Mulher arqueóloga analisa artefato em sítio arqueológico enquanto três homens com armaduras romanas conversam ao fundo.

O vento que sopra ao longo da Muralha de Adriano atravessa o casaco como se ele nem existisse - mesmo no fim da primavera. Você fica na beira de um antigo alojamento de pedra em ruínas, encarando uma vala comprida e rasa que um guia chama, com uma naturalidade desconcertante, de “a latrina”. Na mesma hora, a cabeça completa o resto: o bater de metal das armaduras, lã úmida colada no corpo, e dezenas de homens formando fila no frio, ombro a ombro, sobre uma canaleta por onde corria um fluxo constante de dejetos.

Anos atrás, arqueólogos recolheram a lama impregnada nesse lugar e a levaram para análise em laboratório.
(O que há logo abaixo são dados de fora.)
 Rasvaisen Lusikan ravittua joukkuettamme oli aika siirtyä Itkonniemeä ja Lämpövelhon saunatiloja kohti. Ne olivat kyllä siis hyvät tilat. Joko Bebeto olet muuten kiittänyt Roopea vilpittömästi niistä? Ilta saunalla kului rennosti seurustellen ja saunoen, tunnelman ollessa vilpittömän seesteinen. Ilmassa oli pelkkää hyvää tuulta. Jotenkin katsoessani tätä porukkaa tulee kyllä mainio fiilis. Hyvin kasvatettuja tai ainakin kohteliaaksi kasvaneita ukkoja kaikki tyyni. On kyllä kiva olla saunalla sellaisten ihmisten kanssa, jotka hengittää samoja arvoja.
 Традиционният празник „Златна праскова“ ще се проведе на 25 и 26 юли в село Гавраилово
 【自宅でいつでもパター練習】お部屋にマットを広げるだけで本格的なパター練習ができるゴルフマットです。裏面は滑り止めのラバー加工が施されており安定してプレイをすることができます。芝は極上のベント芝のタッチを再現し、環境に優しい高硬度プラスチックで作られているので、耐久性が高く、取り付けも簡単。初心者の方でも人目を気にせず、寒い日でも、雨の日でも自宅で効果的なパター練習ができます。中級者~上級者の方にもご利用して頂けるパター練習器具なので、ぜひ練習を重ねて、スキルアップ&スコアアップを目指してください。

Quando as amostras foram observadas ao microscópio, a imagem romântica do soldado romano impecável, disciplinado e “limpo” começou a desmoronar.

O que apareceu dentro desses banheiros antigos está mudando, de forma concreta e desconfortável, aquilo que imaginávamos saber sobre o exército mais famoso do mundo antigo.
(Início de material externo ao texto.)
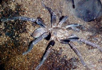 Haplopelma lividum These are fiesty yet very shy bugs with legs that appear black under certain lighting and then seem to be a deep metallic blue at another angle. Note also the long and thick rear legs. Their abdomens are grayish and they have gray to coffee-colored carapaces. Their undersides are black. The mature males are less spectacular and sport brownish carapaces and dark, striped legs that don't have as much of a bluish tint. |
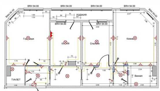 - Пути прокладки кабелей. Указывая их на своем чертеже, помните, что проводка должна идти строго вертикально либо горизонтально, никакие зигзаги не допускаются. Если планируется укладка проводов вовнутрь стен, то следует отступать от перекрытий и проемов 15 – 20 см.
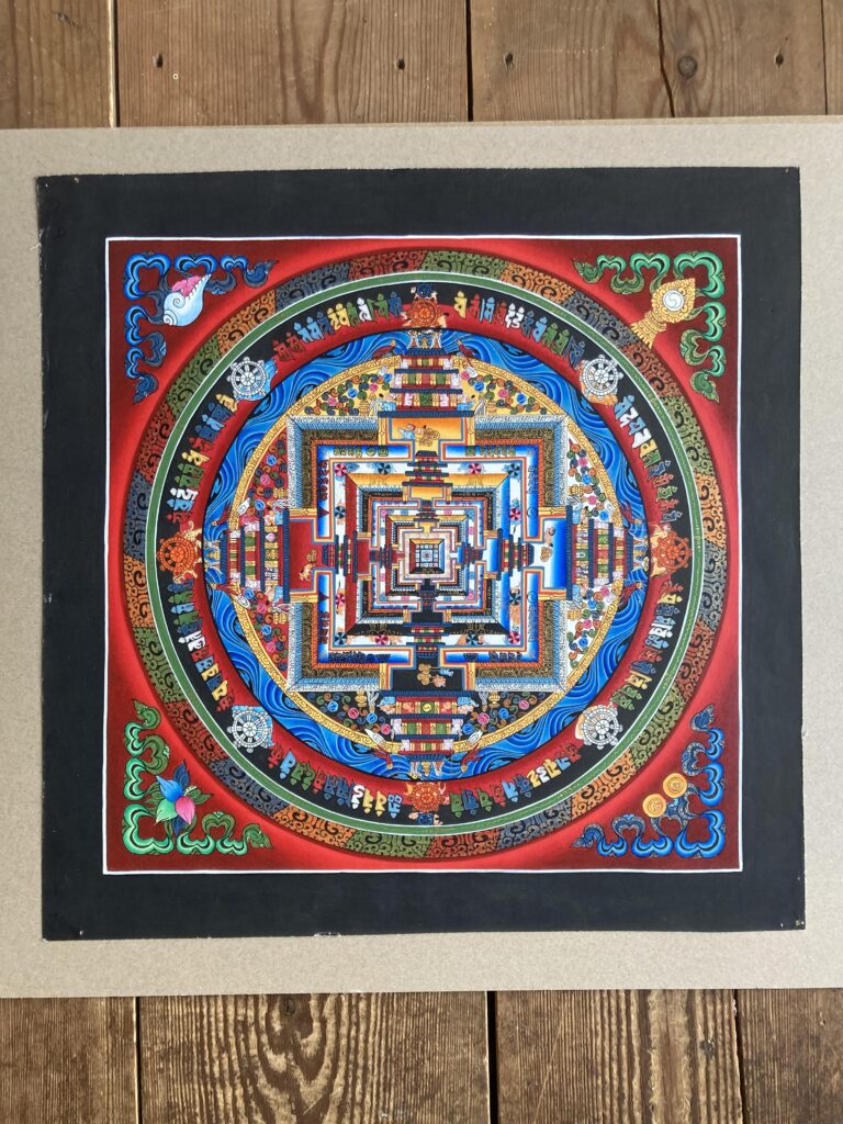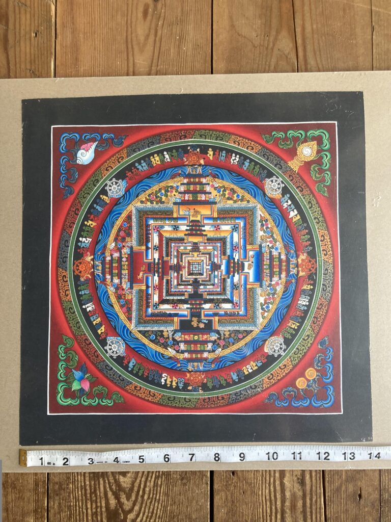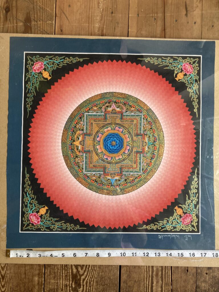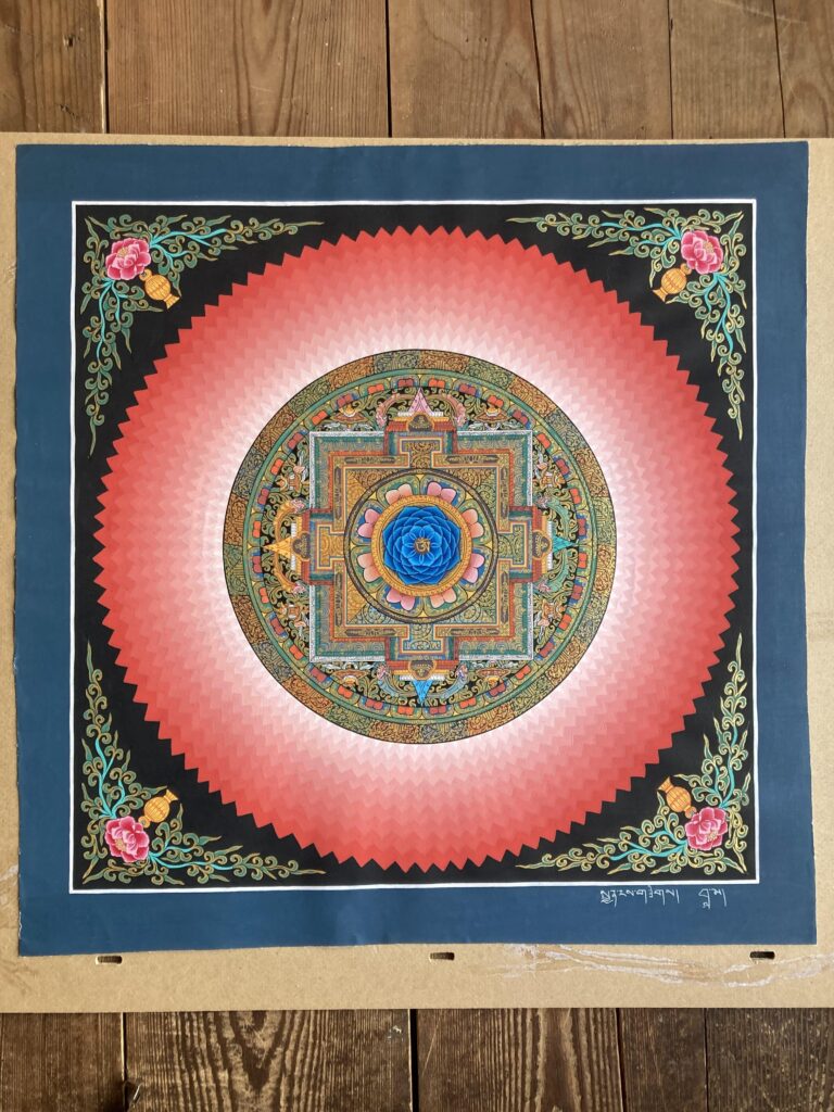This is a very sacred and beautiful mandala done to an ancient diagram. It brings warmth and harmony to all who see it. This takes many hours of painting, chanting and meditating to complete.

As latrinas da Muralha de Adriano revelam um império bem doente

Em painéis de museu, os soldados romanos costumam parecer quase invencíveis: músculos de bronze, capacetes brilhando, fileiras perfeitamente alinhadas. Mas basta entrar num forte ao longo da Muralha de Adriano, no norte da Inglaterra, para a realidade se impor - sobretudo quando se descobre o que estava escondido nas latrinas.

Em fortificações como Vindolanda e Housesteads, pesquisadores retiraram amostras de solo repletas de ovos de parasitas, fragmentos de vermes e sinais de problemas intestinais. Sob o céu duro da fronteira, as tropas mais resistentes do império viviam numa rotina sanitária que colocaria qualquer quartel moderno em alerta máximo.
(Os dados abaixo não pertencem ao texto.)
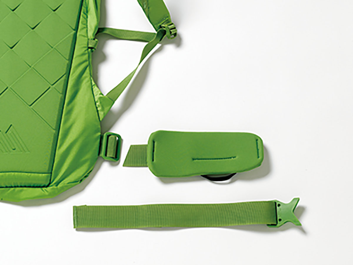 夏山登山からクライミング、バックカントリーまで使える新作です。スキーやスノーボード、アイスツールの取り付けに使う2本のストラップは、使わないときには本体にスマートに収納ができます。雪の付着を最小限に抑えられるフラットな表面も特徴的です。
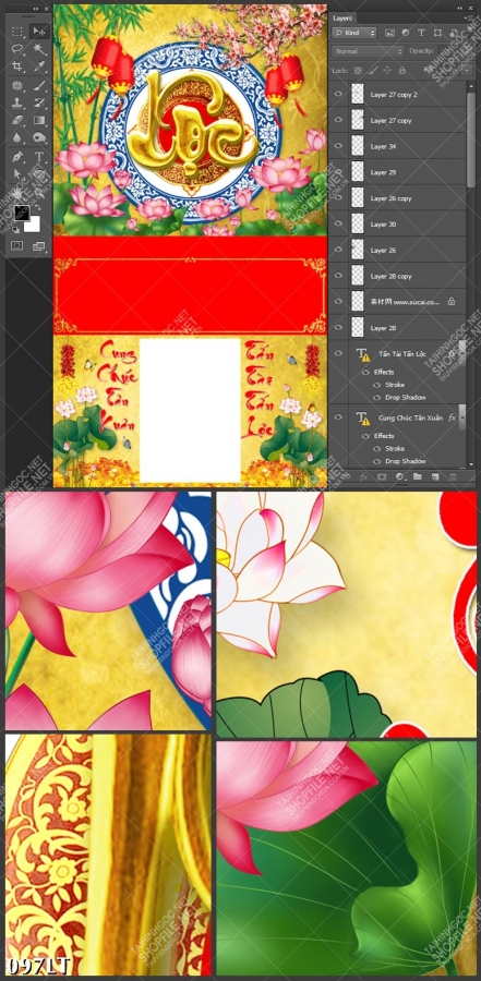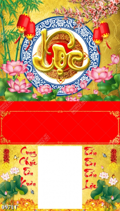 Tranh lịch tết chữ lộc vàng ý nghĩa, file gốc tranh lịch chữ lộc bên hoa sen đẹp
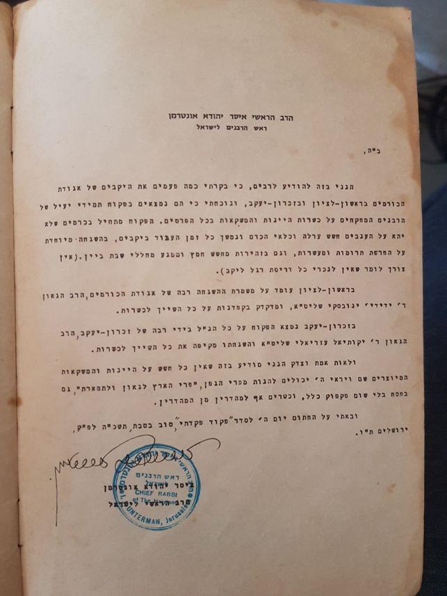 פירוט על המוצר: הגדה של פסח משנת 1964 של כרמל מזרחי עם חותמת של הרב הראשי לישראל: איסר יהודה אונטרמן
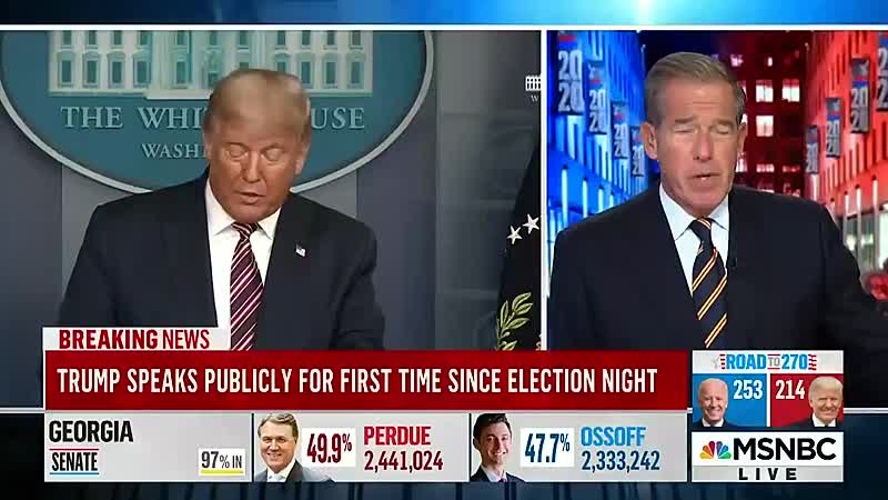 Zelf denkt hij natuurlijk van niet, want er ís namelijk geen blauwe golf. Als je namelijk alleen de legale stemmen telt dan heeft hij natuurlijk al lang gewonnen, <insert iets met WC-Eend here>. De speech die Trump afgelopen nacht gaf zat voor de zenders ABC, CBS and NBC dermate vol met (valse) beschuldigingen dat na verloop van tijd gewoon stopten met uitzenden.

E quanto mais a ciência escava, mais a ideia do “acampamento romano impecável” perde sustentação.

Uma das análises feitas a partir das latrinas da Muralha de Adriano indicou soldados infestados por tricurídeos (verme-chicote), lombrigas (ascarídeos) e até tênias associadas ao consumo de peixe. Esses detalhes não servem apenas para causar repulsa: eles apontam para um cotidiano profundamente marcado por contaminação. Os homens comiam, dormiam e treinavam - e depois se sentavam em longos banheiros coletivos que, claramente, não cumpriam a função de proteger a saúde da guarnição.

Vindolanda, um dos fortes mais bem preservados da Muralha, é um caso emblemático. O solo encharcado conservou desde sapatos de couro até fragmentos de tabuletas com escrita. Ao peneirar os depósitos das latrinas, especialistas conseguiram acompanhar padrões de parasitismo ao longo do tempo. Não era um surto isolado: o problema se repetia e se mantinha, como algo estrutural.

Agora imagine a cena de forma menos abstrata: um cômodo de pedra apertado, cerca de vinte homens lado a lado, todos dividindo o mesmo canal de água, os mesmos utensílios e, na prática, as mesmas doenças.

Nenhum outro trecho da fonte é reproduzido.